In order to synthesize the original information of fold changes, a novel method was developed to overcome differences in multiple microarray platforms. This method based on the assumption that different transcriptional measurements of the same target gene, i.e. different sequence or gene identifiers converted into the same Entrez GeneID, were indeed representing the same functional entity. For each study, if fold changes, θ, were reported, the standardized bounded fold changes would be |_θ_′| = θ/(maximum of θ) with regard to up- and down-regulated genes separately; alternatively, if only directions of up- or down-regulation were reported, the bounded fold changes would be translated into 1 for up and −1 for down, respectively. For each of the Pre, TvN or Meta stages, consensus of gene expression was computed as the averaged mean of the bounded fold changes if studies reported values of fold changes; else, the median was computed instead if at least one study reported only directions of gene regulation. Genes without such information were coded with 0 as the bounded fold changes in the analysis.

Validity assessment

Owing to the underlying heterogeneity among included studies, such as differences in the tumor of origins (oral, pharynx, or larynx), multiple microarray platforms, different analytical approaches taken, and diverse endpoints, we sought to examine the validity of three staged classification of the HNSCC transcriptome. First, we systematically computed the frequency of reporting the same Entrez GeneID within each stage of comparison. If a gene was reported more than once, this gene was regarded as verified. Subsequently, the validity of TvN and Meta was tested through comparisons of ratios of internal consistency, defining as the percentage of verified genes for each study within the groups of interest, i.e. studies of lesions in different subsites, studies using different microarray platforms, studies investigating different endpoints, or the proposed classification. _C_lassifying studies in TvN or Meta would be considered reasonable if the ratios of consistency were higher than those within the subgroups of interest. For instance, of the 121 differentially expressed genes by Ibrahim and colleagues, 74 genes (61%) were verified when classified in TvN; 38 genes (32%) verified among the 23 studies using cDNA microarrays in TvN; as well as 32 genes (27%) verified among the 19 studies examining tumors located exclusively in the oral cavity.

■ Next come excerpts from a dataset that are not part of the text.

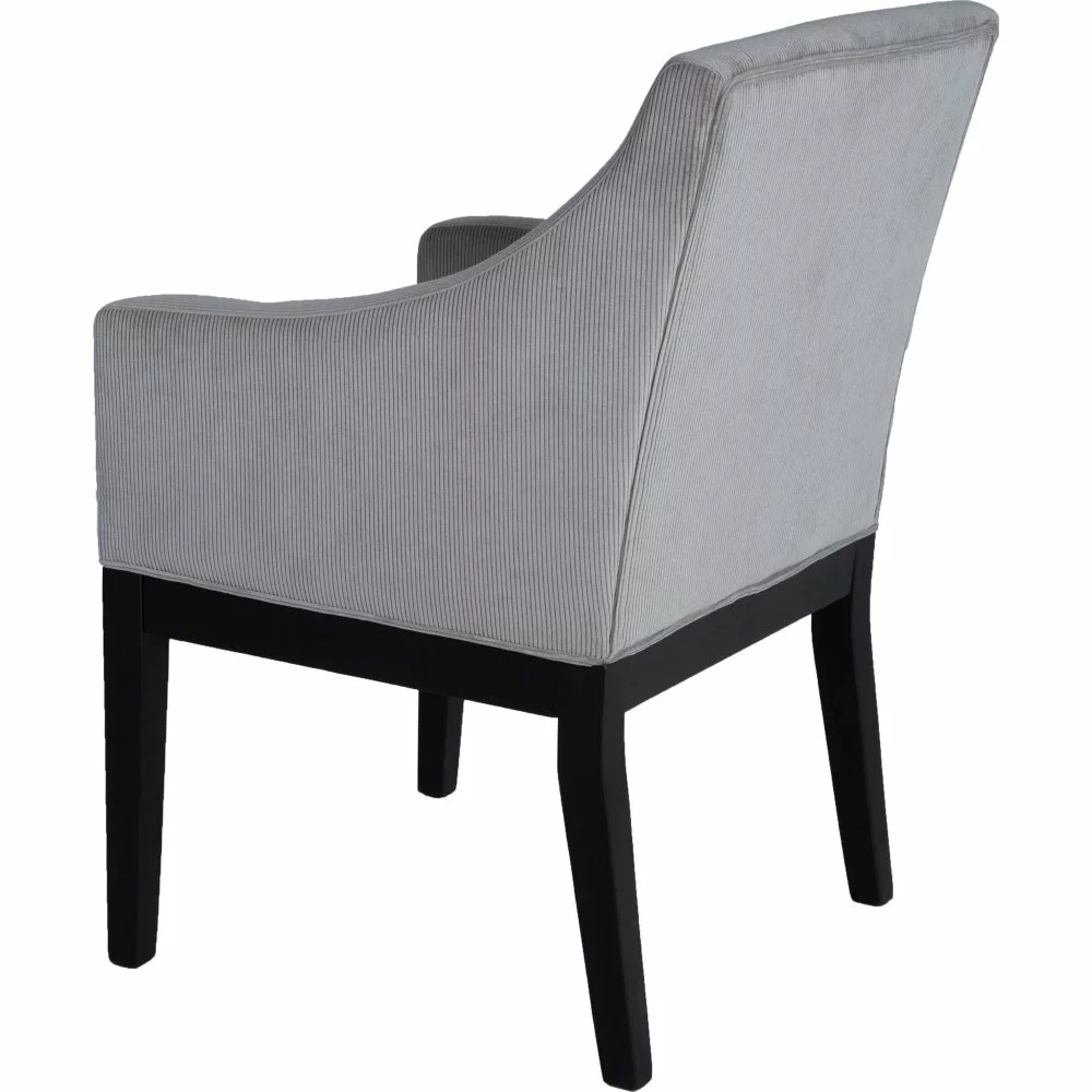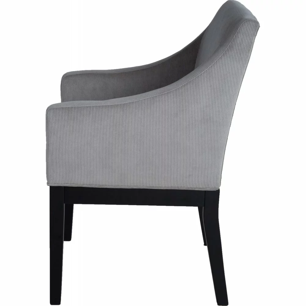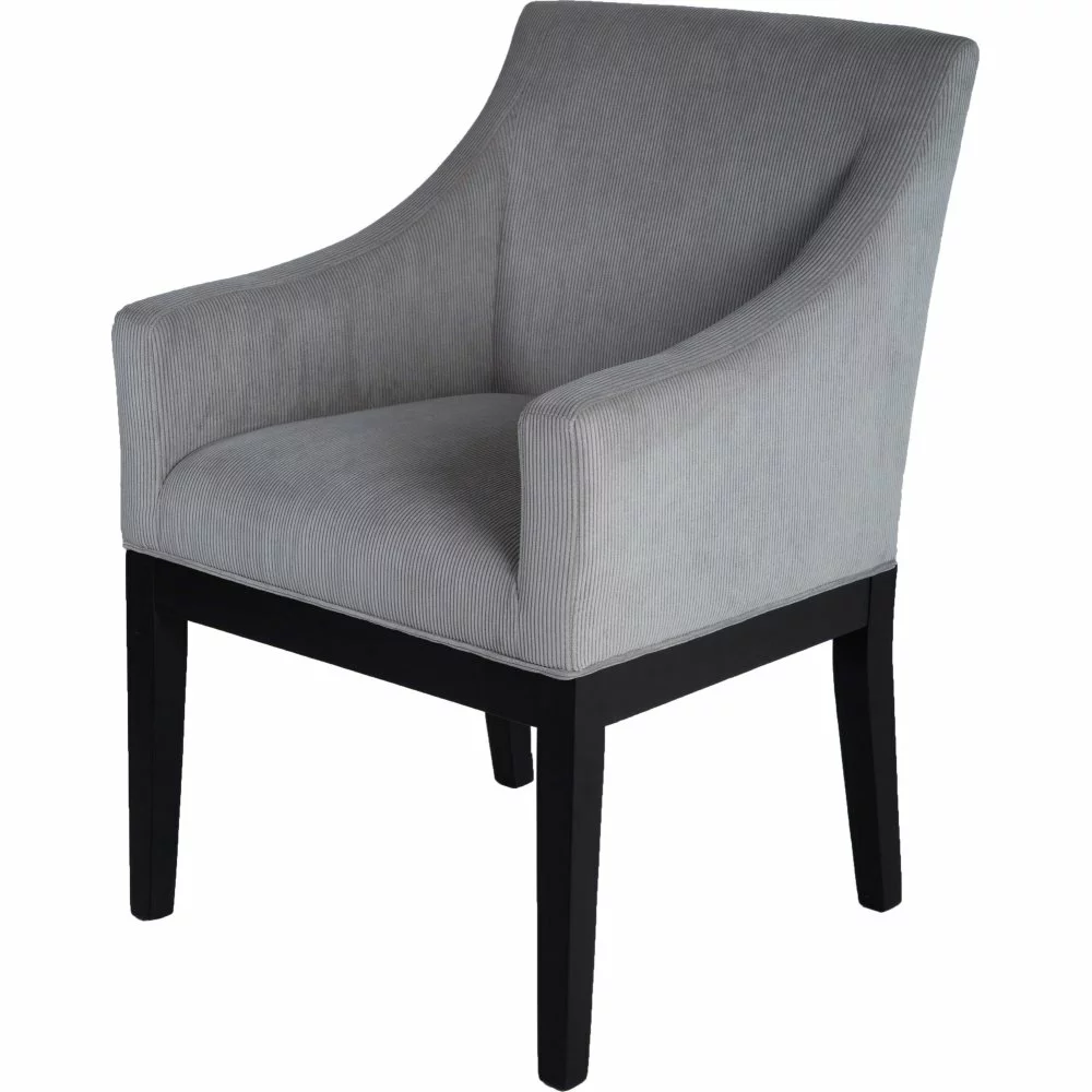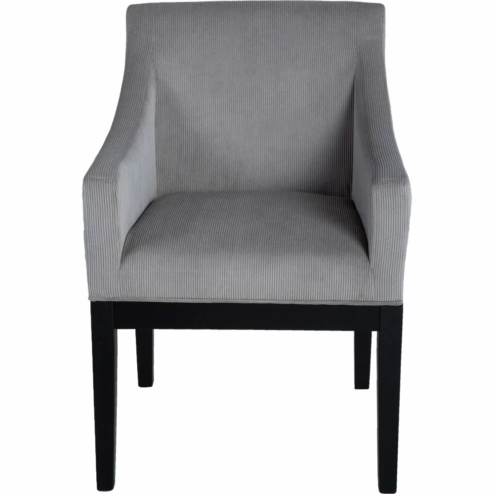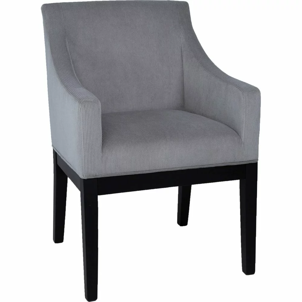 Kumipuusta valmistettu nojatuoli. Verhoilu kankaasta. Pysäytysvaahto.
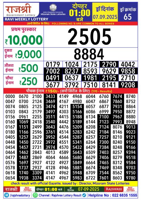 Rajshree Lottery Result 1 PM – 7 September 2025 – Live Draw & Winners
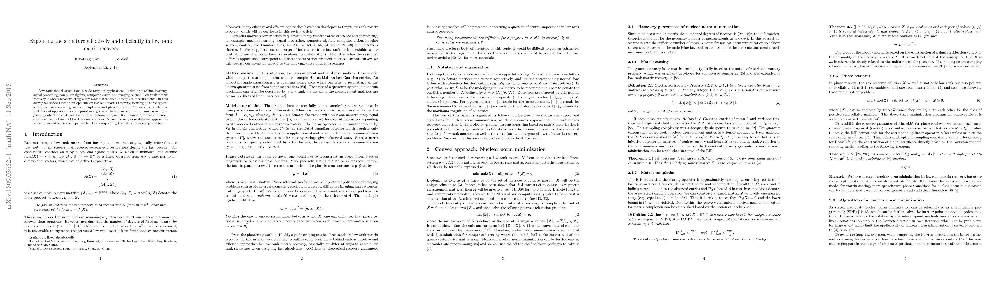 Low rank model arises from a wide range of applications, including machine learning, signal processing, computer algebra, computer vision, and imaging science. Low rank matrix recovery is about reconstructing a low rank matrix from incomplete measurements. In this survey we review recent developments on low rank matrix recovery, focusing on three typical scenarios: matrix sensing, matrix completion and phase retrieval. An overview of effective and efficient approaches for the problem is given, including nuclear norm minimization, projected gradient descent based on matrix factorization, and Riemannian optimization based on the embedded manifold of low rank matrices. Numerical recipes of different approaches are emphasized while accompanied by the corresponding theoretical recovery guarantees.
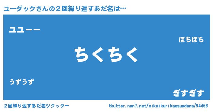 | 意味不明あだ名 | 『ユーダックフォーエバー』 |
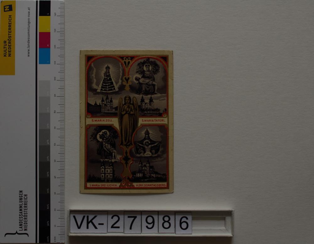 "Maria Schutz"; Vorderseite: Gnadenstatue = Maria mit Kind, Basilika, "S. Maria Zell"; Gnadenstatue = Pieta, Basilika, "S. Maria Taferl"; Gnadenstatue = Pieta, Basilika, "S. Maria Drei Eichen"; Gnadenstuhl, Basilika, "Hl. Drf. Sonntagsberg"; Engel; Rückseite: Gebet "Maria", "Verlag von Gregor Fischer Innsbruck"
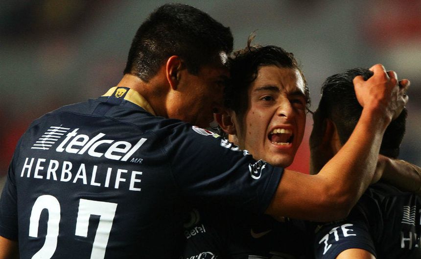 Jugadores de Pumas celebran anotación contra Necaxa | IMAGO7
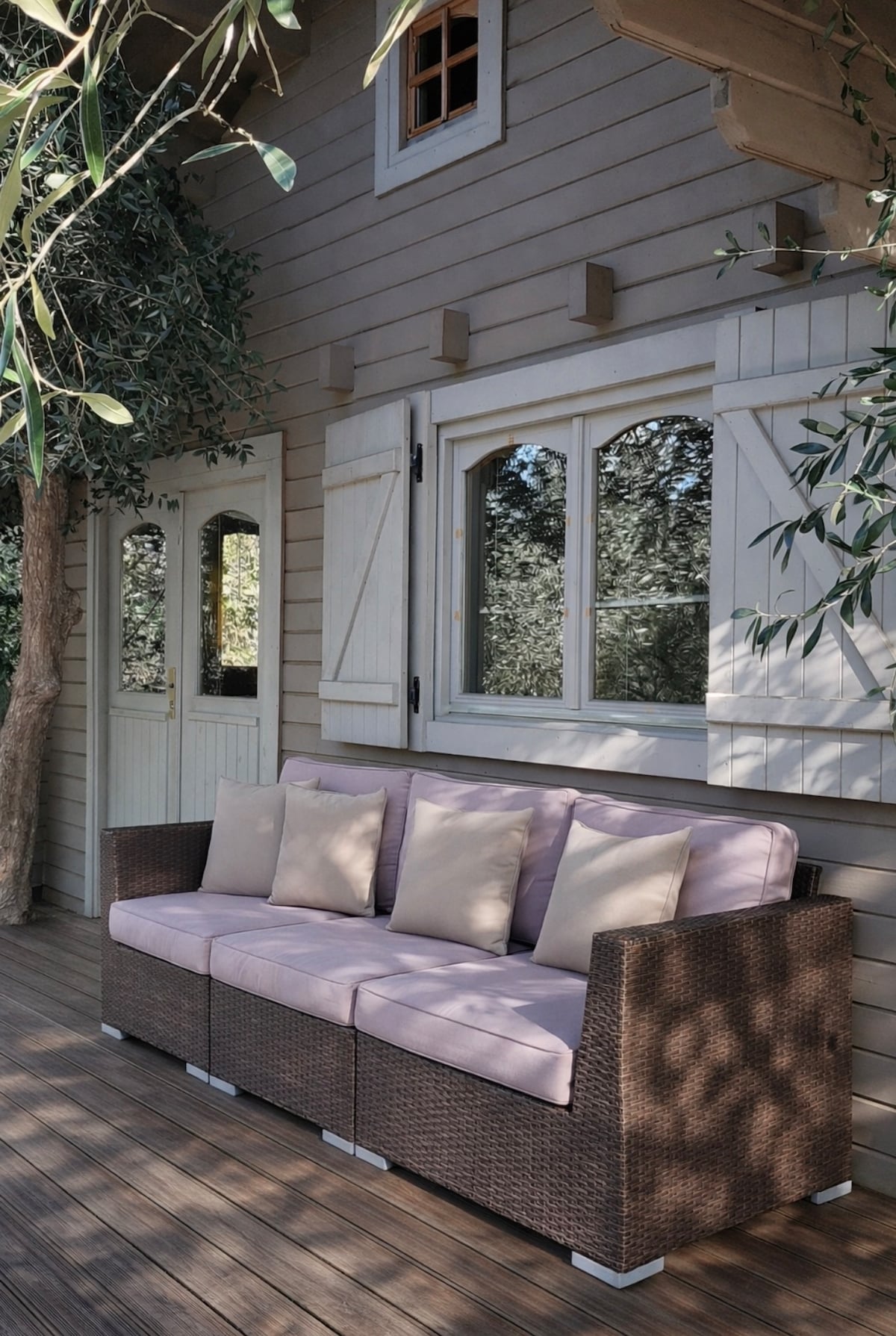 www.villa-exotica-frenchriviera villa et cottage sur cette page ! Décoration à l’ esprit cosy , atypique, et originale avec un arbre vivant à l’ intérieur du salon . Plancher, table et mobilier en bois , béton ciré dans la cuisine et salle de bains . Vasques en pierre provenant de Bali . Colonne de douche avec pluie . Canapé lit convertible en 140/190 cm Lit en 140/190 Pour votre tranquillité, le cottage est équipé de moustiquaires à toutes les fenêtres 😉
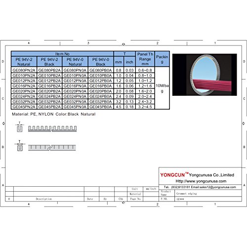 Yongcun 1.0mm Slotted Grommet Edging Molded Grommet Strip Movable Bushing pack of 32Feet 10m(PE 94V-0/1.0mm)
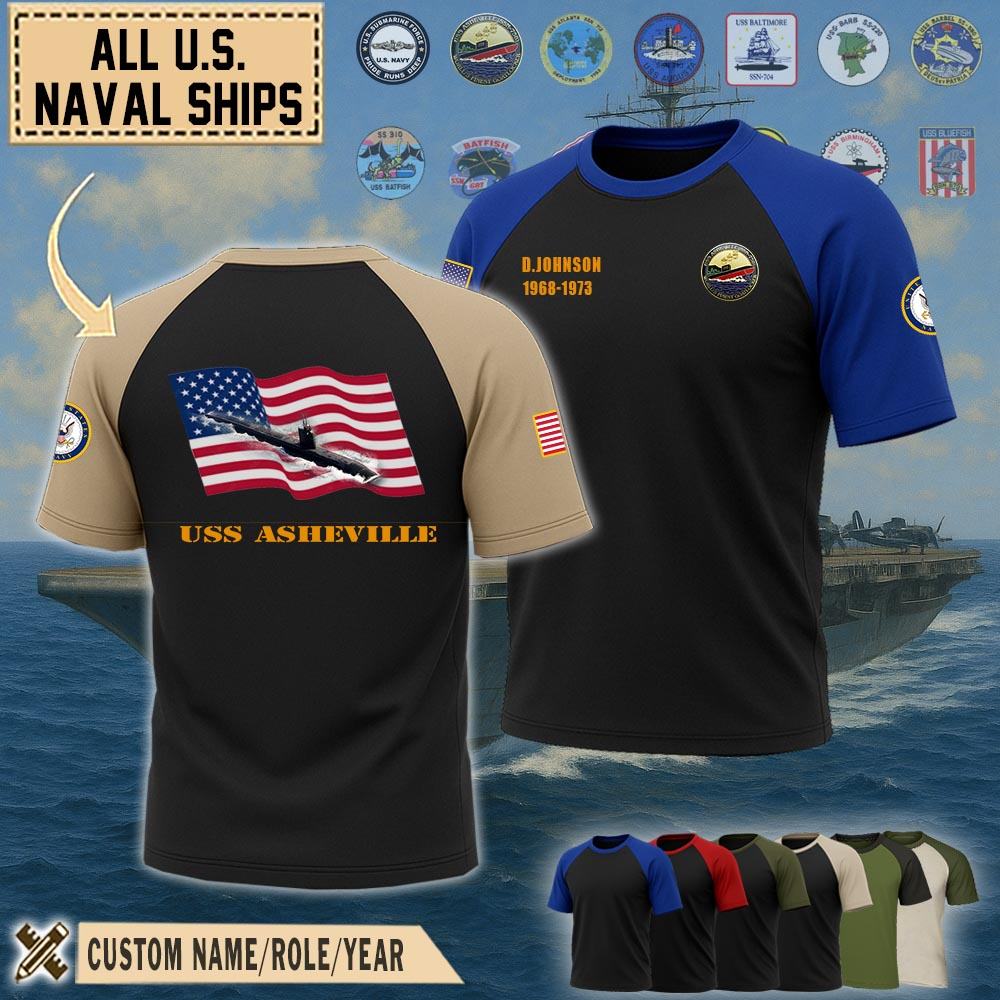 Show your pride with our USS Asheville (SSN-758)_Raglan Tshirt honoring the service, sacrifice, and contributions. Wear the emblem with pride, symbolizing the unwavering dedication and integrity of the men and women who serve in this distinguished force.

Knowledge-based network analyses and identification of enriched canonical pathways

The bounded fold changes of the full gene lists and the verified gene lists of three comparisons, Pre, TvN, and Meta, were imported into the Ingenuity Pathways Analysis (IPA) Software (Ingenuity Systems, Redwood City, CA, USA) to obtain six sets of networks for further analyses. We used IPA to identify the top 10 enriched canonical pathways for each stage of comparison (Fig. 2). The enriched canonical pathways were ranked by the p-values of the Fisher's exact test, which indicated the probabilities of the input genes to be associated with genes in the canonical pathways expected by chance.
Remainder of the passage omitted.